26/64 simplified
Understand the Problem
The question is asking to simplify the fraction 26/64 to its lowest terms. To do this, we will find the greatest common divisor (GCD) of 26 and 64 and divide both the numerator and the denominator by that number.
Answer
The simplified fraction is $\frac{13}{32}$.
Answer for screen readers
The simplified fraction of $\frac{26}{64}$ is $\frac{13}{32}$.
Steps to Solve
- Find the GCD of 26 and 64
To simplify the fraction, we first need to determine the greatest common divisor (GCD) of 26 and 64. We can do this using the method of prime factorization or the Euclidean algorithm.
The prime factorization of 26 is: $$ 26 = 2 \times 13 $$
The prime factorization of 64 is: $$ 64 = 2^6 $$
The common factors are the factors shared by both numbers. Here, the only common factor is 2.
- Divide the numerator and the denominator by the GCD
Now that we have the GCD, which is 2, we can simplify the fraction $\frac{26}{64}$ by dividing both the numerator and the denominator by 2.

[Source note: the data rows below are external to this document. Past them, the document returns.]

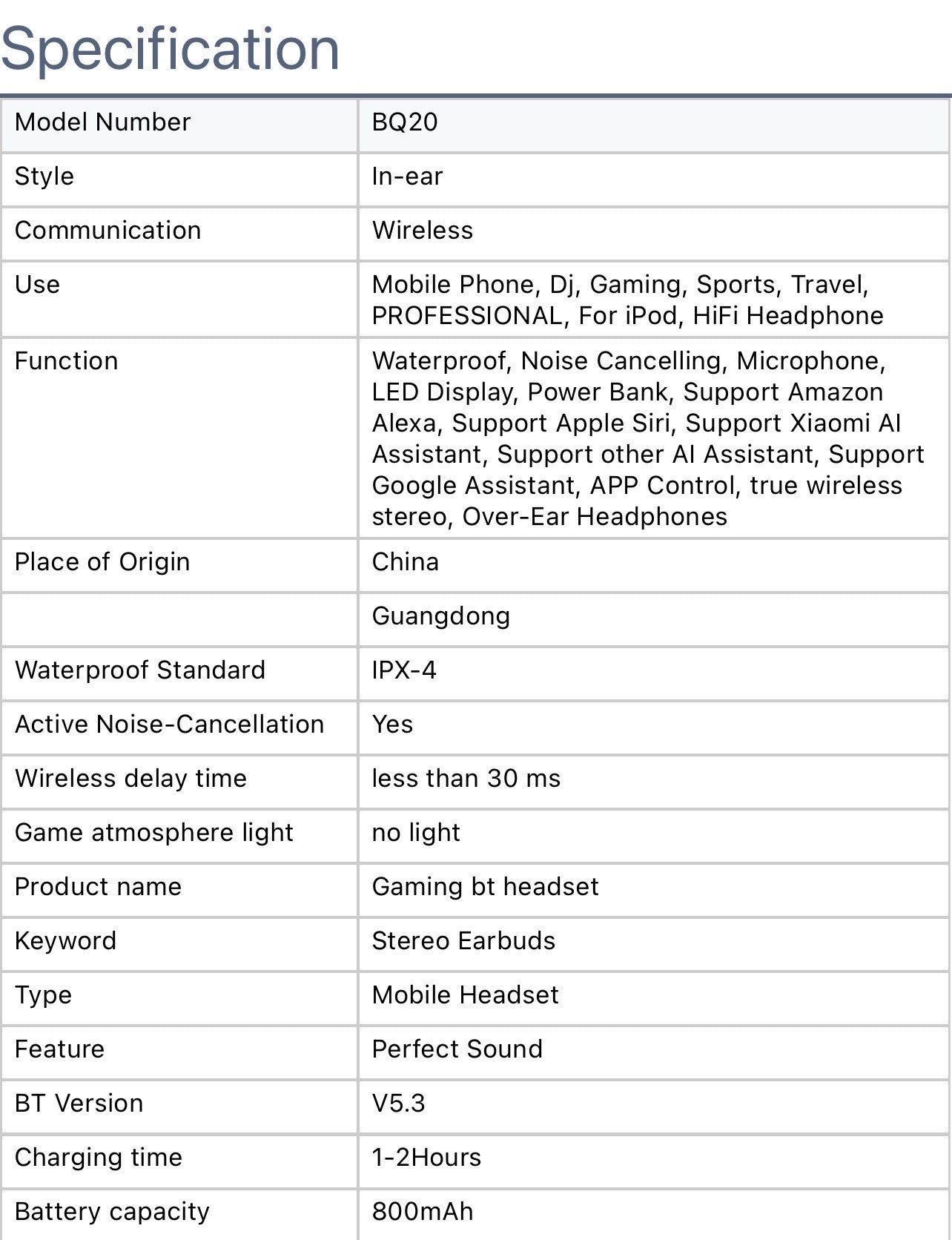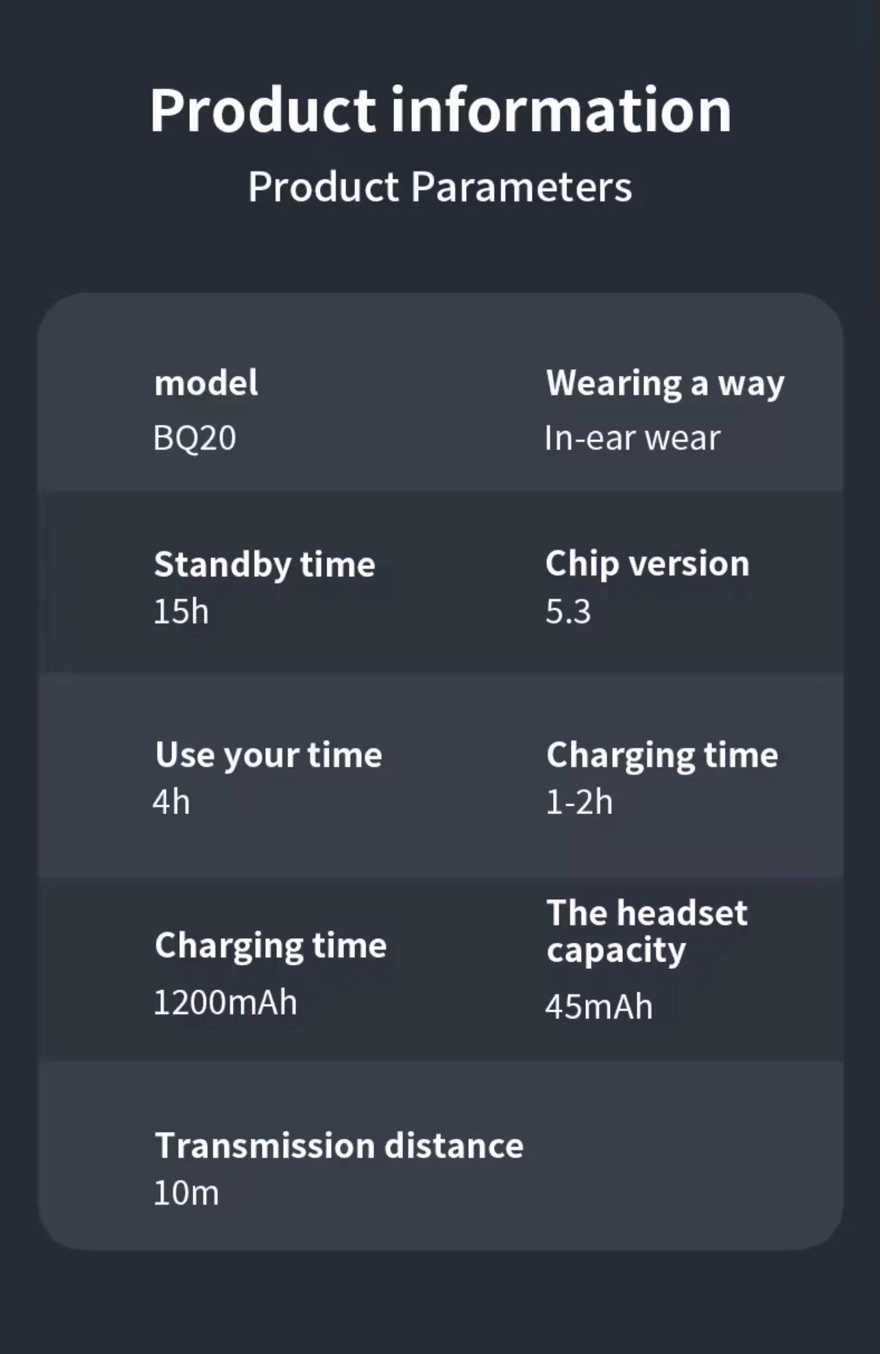 The BQ20 Hi-Fi Stereo Earbuds are wireless in-ear headphones designed for sports and gaming, featuring IPX6-equivalent water resistance and a digital LED display for monitoring battery levels. They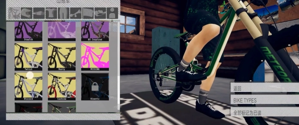 我们会发现它最初的back type是LX20 and trail,这意味着它类似一款领骑车型。接着会看到下方的DJ(突破车型)和DH车型目前都是锁定状态。要解锁它们的话,首先需要进入骑行界面。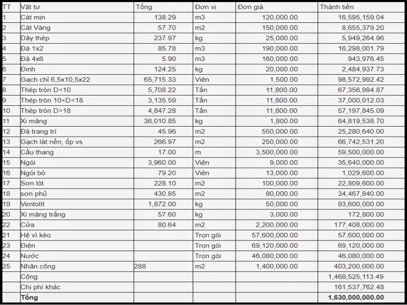 * Trường hợp chỉ làm vì kèo lợp ngói, đóng trần chi phí là: 1.467.000.000,00

$$ \frac{26 \div 2}{64 \div 2} = \frac{13}{32} $$
- Write the simplified fraction
After dividing, we get the simplified fraction: $$ \frac{13}{32} $$
The simplified fraction of $\frac{26}{64}$ is $\frac{13}{32}$.
More Information
When simplifying fractions, finding the GCD is a crucial step. In this case, we found that both 26 and 64 share the common factor of 2, allowing us to simplify the fraction effectively. This method can be used for any fraction to find its simplest form.
Tips
- Incorrect GCD Calculation: Sometimes, people might miscalculate the GCD, leading to improper simplification. To avoid this, ensure you enumerate all the factors accurately.
- Forgetting to Divide by the GCD: Some might recognize the GCD but forget to apply it to both the numerator and denominator. Make it a habit to always perform this step.